The 10th Air Army was a unit of the Soviet Air Forces during World War II and the Cold War years.

== World War II ==

The unit was originally formed on Sakhalin Island on August 15, 1942, on the basis of the Air Force of the 25th Army of the Far Eastern Front of the USSR Armed Forces.

In August-early September 1945, the 10th Air Army as part of the 2nd Far Eastern Front, participated in the Sungari Offensive Operation, during which it covered the units of the 15th Army, supported the landing of the Amur Flotilla in the city of Fuyuan, then the offensive towards Qiqihar. The efforts of the 18th Corps disrupted the enemy's rail traffic.

A number of the Army's formations performed combat missions during the Invasion of South Sakhalin and Invasion of the Kuril Islands.

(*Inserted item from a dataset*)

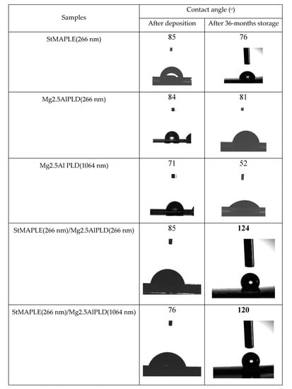 The contact angle values and the photographs of the water droplets on the surface of the as-deposited films are presented in Figure 5. We measured the contact angle on as-deposited films and after 36-months storage. The contact angles (CA) are around 85° for the flat, but low-energy surface of SA film and for the rough surfaces of the films deposited via PLD at 266 nm both single Mg2.5AlPLD(266 nm) and combined by MAPLE addition StMAPLE(266 nm)/Mg2.5Al-PLD(266 nm). The films exhibiting lower roughness obtained via PLD at 1064 nm in both cases single PLD and in combination with MAPLE are more hydrophilic. After 36 months of storage, all the films except the composite films show a decrease of the CA, probably due to moisture and contaminant exposition. The composite films exhibit a significant increase of CA, the films becoming hydrophobic. Coatings preserving their hydrophobic properties after long-time storage are of great interest for their protective function especially for metallic surfaces. There are several papers reported on the transformation of micro-nanostructured metal and metal/oxides from initially hydrophilic to hydrophobic and even super-hydrophobic by air exposure without any other chemical modifications [28,29,30,31,32,33,34]. The explanations are quite diverse. Xiao et.al claimed that after one-month storage, a dense oxide film is formed on Co substrates lowering their surface energy [28]. The transition from super-hydrophilic to super-hydrophobic of a Ni micro-nano cones array surface were attributed by Geng et al. to the formation of NiO during the two weeks storage [29]. For Wang et al. [30], the increase of the contact angle to super-hydrophobicity of nanostructured CuO film during three weeks of air exposure might be caused by the physical adsorption of oxygen molecules on the surface. S. Korsand et al. [31,32,33] attributed the wettability transition from a super hydrophilic nature to a super-hydrophobic one of Ni films and Ni-Co films mainly to their very particular hierarchically micro-nano structure, which, by allowing air to be trapped in rough surfaces during the two weeks exposure to air, will form convex surface between the interface of liquid and air. For the Ni-Co alloy coatings, the surface adsorption of air-borne hydrocarbons [32,33] is also considered similar to Li et al. for several metal, Cu, Ni, Au, etc. as a cause of increased super-hydrophobicity by their effect of reducing the surface free energy [34]. After reaching super-hydrophobicity the Ni-Co alloy coatings exhibit long time durability, the coatings being air exposed more than 4 months [32]. Mg2.5AlPLD(266 nm) film exhibiting higher roughness (RMS) and a morphological-like appearance as the composite StMAPLE(266 nm)/Mg2.5AlPLD(266 nm) (Table 2 and Figure 4) undergoes no increase of CA in 36 months of storage, while the composite film becomes hydrophobic. In the same time, the other composite sample StMAPLE(266 nm)/Mg2.5AlPLD(1064 nm) with smaller roughness and different morphological aspect (Table 2, Figure 4) reveals a similar transition to hydrophobicity after long-time storage. The deposition of the stearic acid via MAPLE and of the Mg2.5Al-LDH occurred simultaneously; thus, the resulting composite films consist more likely in very disperse SA small aggregated embedded between the LDH layers.

During the period of hostilities, the 10th Air Army carried out about 3297 sorties.

On 3 September 1945 it included:
- 18th Mixed Aviation Corps
  - 96th Assault Aviation Division
  - 296th Fighter Aviation Division
  - 777th Fighter Aviation Regiment
  - 140th Reconnaissance Aviation Squadron
  - 28th Artillery Correction Squadron
- 83rd Bomber Aviation Division
- 128th Mixed Aviation Division
- 255th Mixed Aviation Division
- 253rd Assault Aviation Division
- 29th Fighter Aviation Division
- 254th Fighter Aviation Division
- 7th Reconnaissance Aviation Regiment
- 411th Artillery Correction Regiment
- 344th Transport Aviation Regiment

== Cold War ==
In July 1948 it was transferred to Vozzhayevka airfield west of Khabarovsk.

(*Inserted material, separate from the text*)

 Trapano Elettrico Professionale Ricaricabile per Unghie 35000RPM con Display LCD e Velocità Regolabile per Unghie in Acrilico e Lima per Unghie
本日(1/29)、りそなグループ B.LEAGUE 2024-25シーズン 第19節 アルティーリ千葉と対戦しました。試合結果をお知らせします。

By a directive of 10 January 1949, it became the 29th Air Army.

As of 1950, the army operated airfields at Vozzhayevka, Pozdeyevka (Pozdeevka), Zavitinsk (Zavitaya), and Kuibyshevka.

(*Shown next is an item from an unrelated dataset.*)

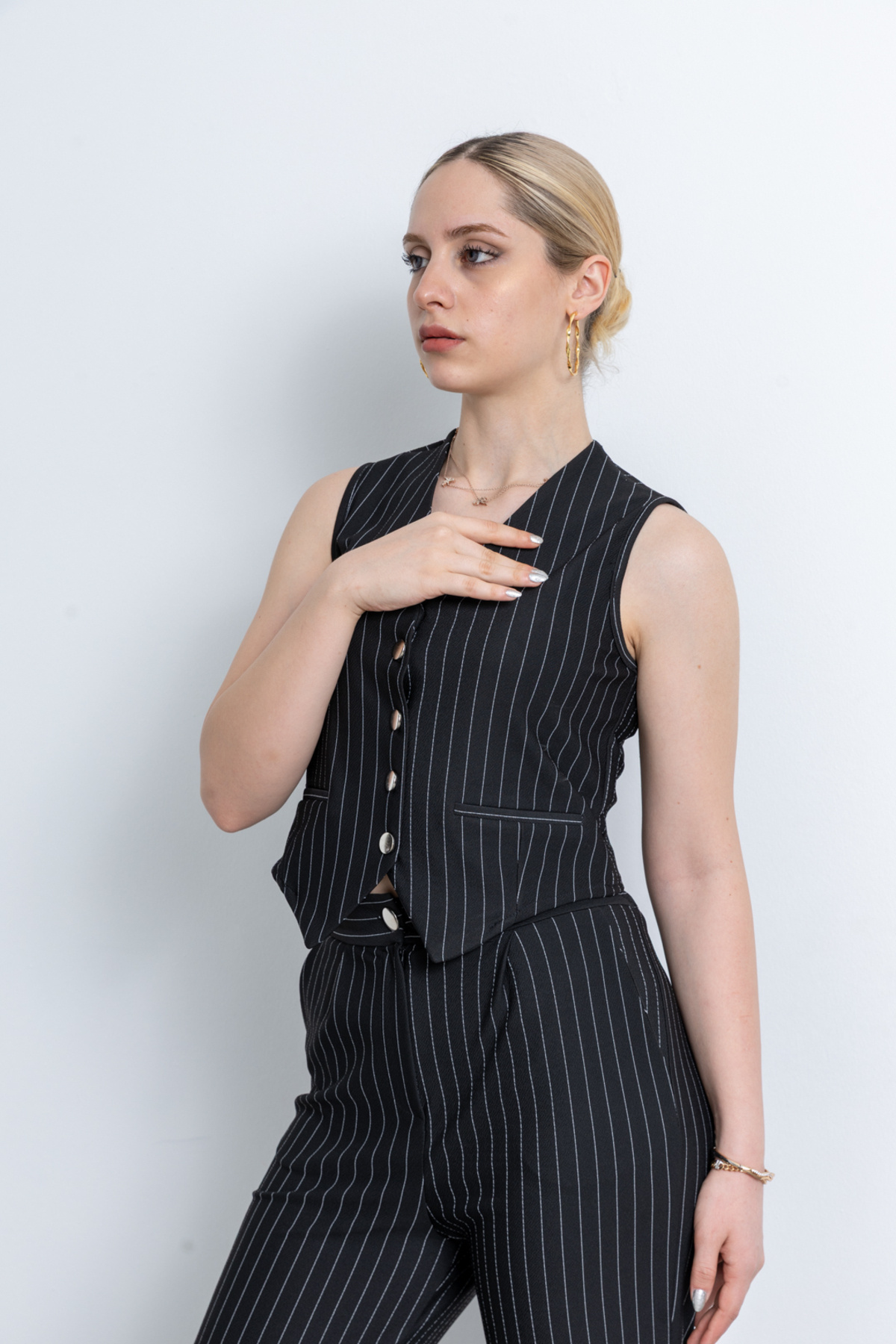 Kadın Yelek Pantolon İkili Takım - Çizgili Siyah Kadın Yelek Pantolon İkili Takım - Çizgili Siyah 54651 2XL

In 1957, the 29th Air Army was amalgamated with the 54th Air Army, and became the 1st Special Far Eastern Air Army.

== Commanders ==
- 27.07.1942 - 16.09.1944 : Major General of Aviation Vasiliy Aleksandrovich Vinogradov.
- 16.09.1944 - 19.05.1945 : Colonel David Yakovlevich Slobozhan.
- 09.05.1945 - 02.04.1946 : Colonel General of Aviation Pavel Fedorovich Zhigarev.
- 25.05.1946 - 12.01.1949 : Lieutenant General of Aviation Nikolay Filippovich Papivin.